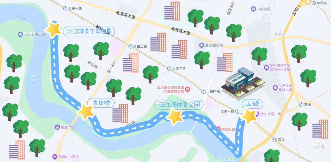 汉江湾卡丁车世界—古田桥—汉江湾体育公园—山姆
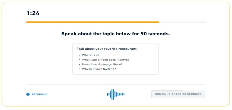 この問題では、90秒の制限時間内に与えられたトピックについて英語で論理的に意見を話し続けることが求められます。トピックには、お気に入りのレストランや映画といった日常生活に関するものから、人生で最も感謝している人や出来事など、日常生活とは直接関係のないものまで幅広く出題されます。
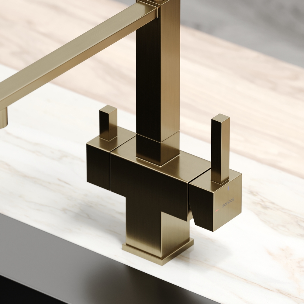 - Излив для фильтрованной воды интегрирован в держатель основного излива Магнитный держатель излива
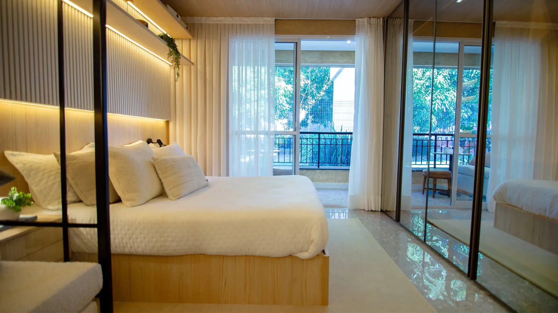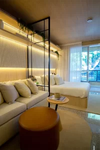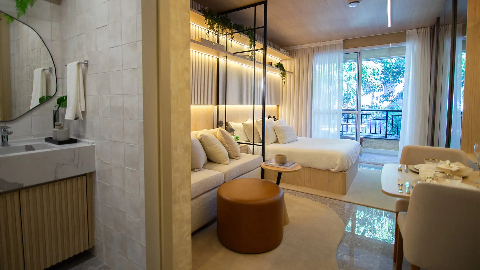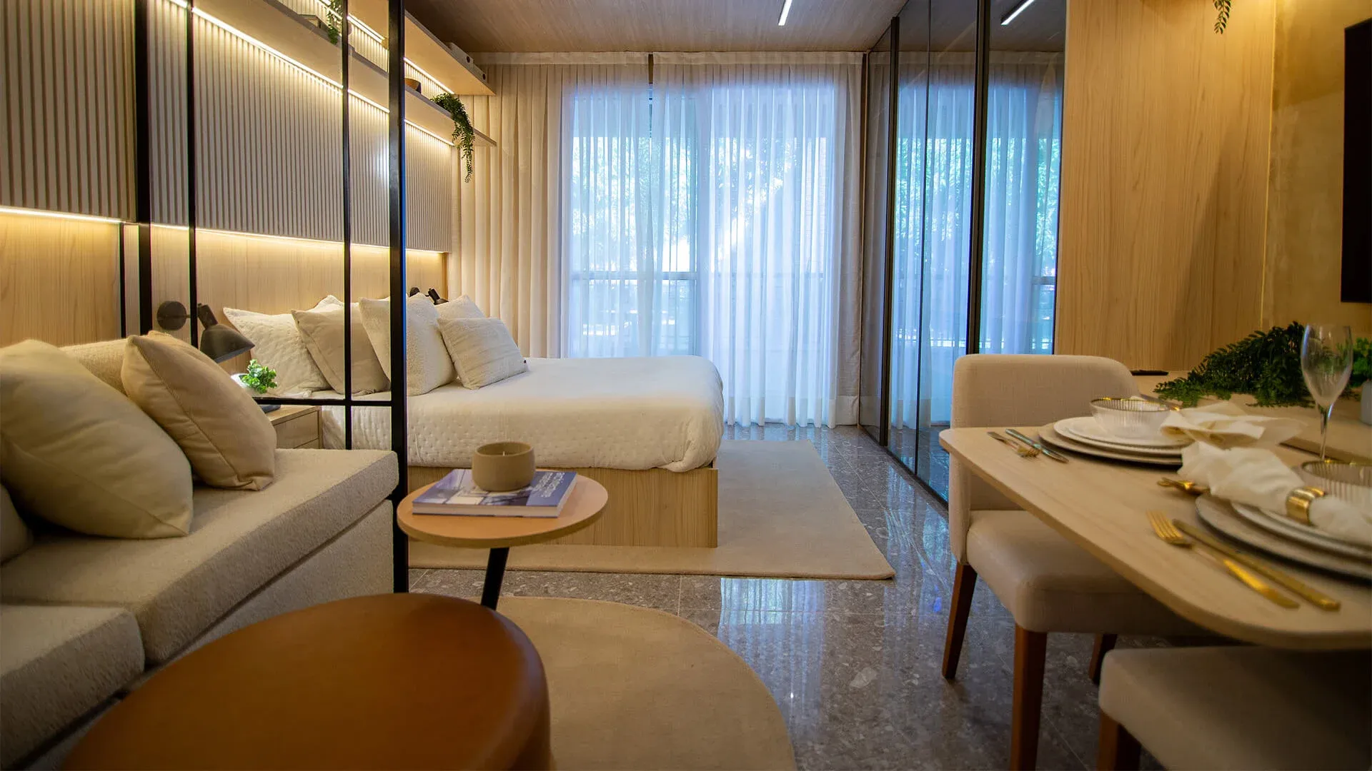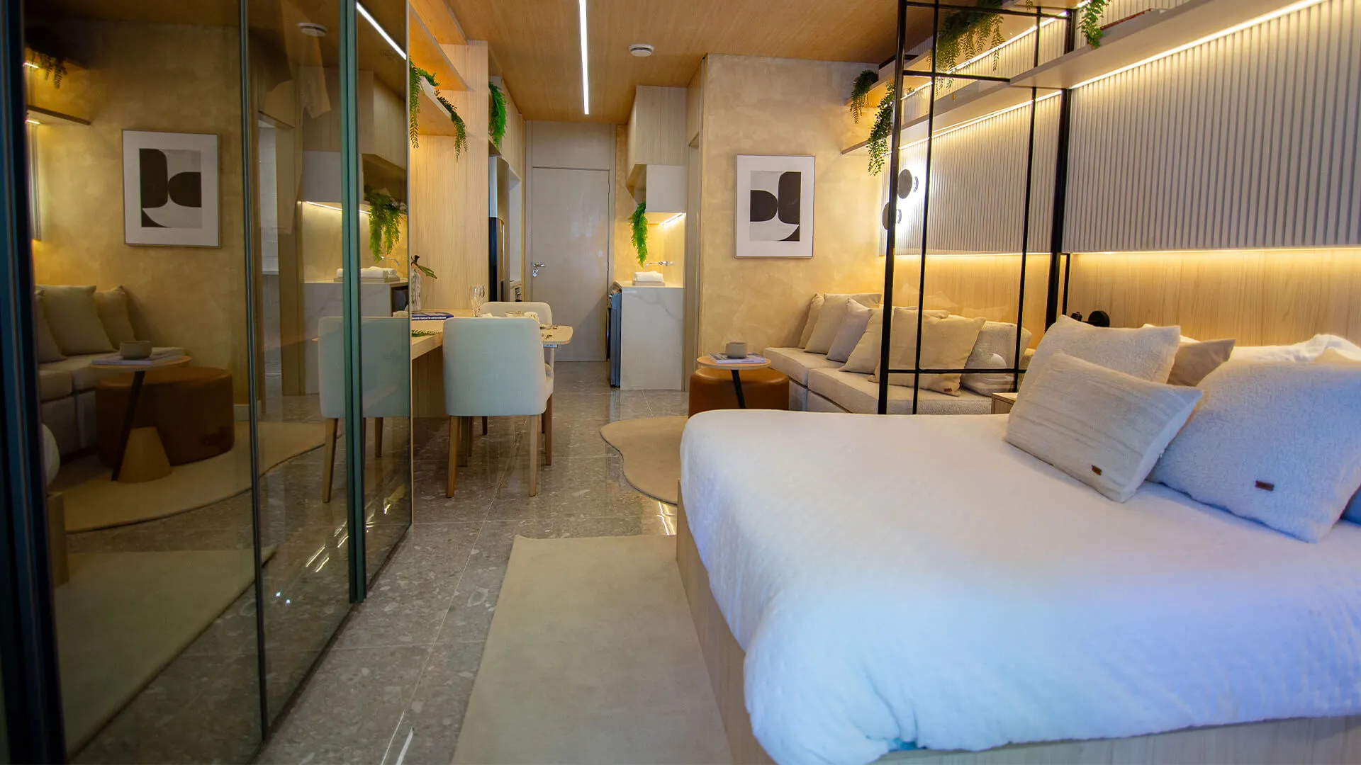 - Layout funcional com living, dormitório e copa integrados

What the task asks: Only the text of the listing should be returned, exactly and in full; no image goes into the copy.

Task answer:
 汉江湾卡丁车世界—古田桥—汉江湾体育公园—山姆
 この問題では、90秒の制限時間内に与えられたトピックについて英語で論理的に意見を話し続けることが求められます。トピックには、お気に入りのレストランや映画といった日常生活に関するものから、人生で最も感謝している人や出来事など、日常生活とは直接関係のないものまで幅広く出題されます。
 - Излив для фильтрованной воды интегрирован в держатель основного излива Магнитный держатель излива
 - Layout funcional com living, dormitório e copa integrados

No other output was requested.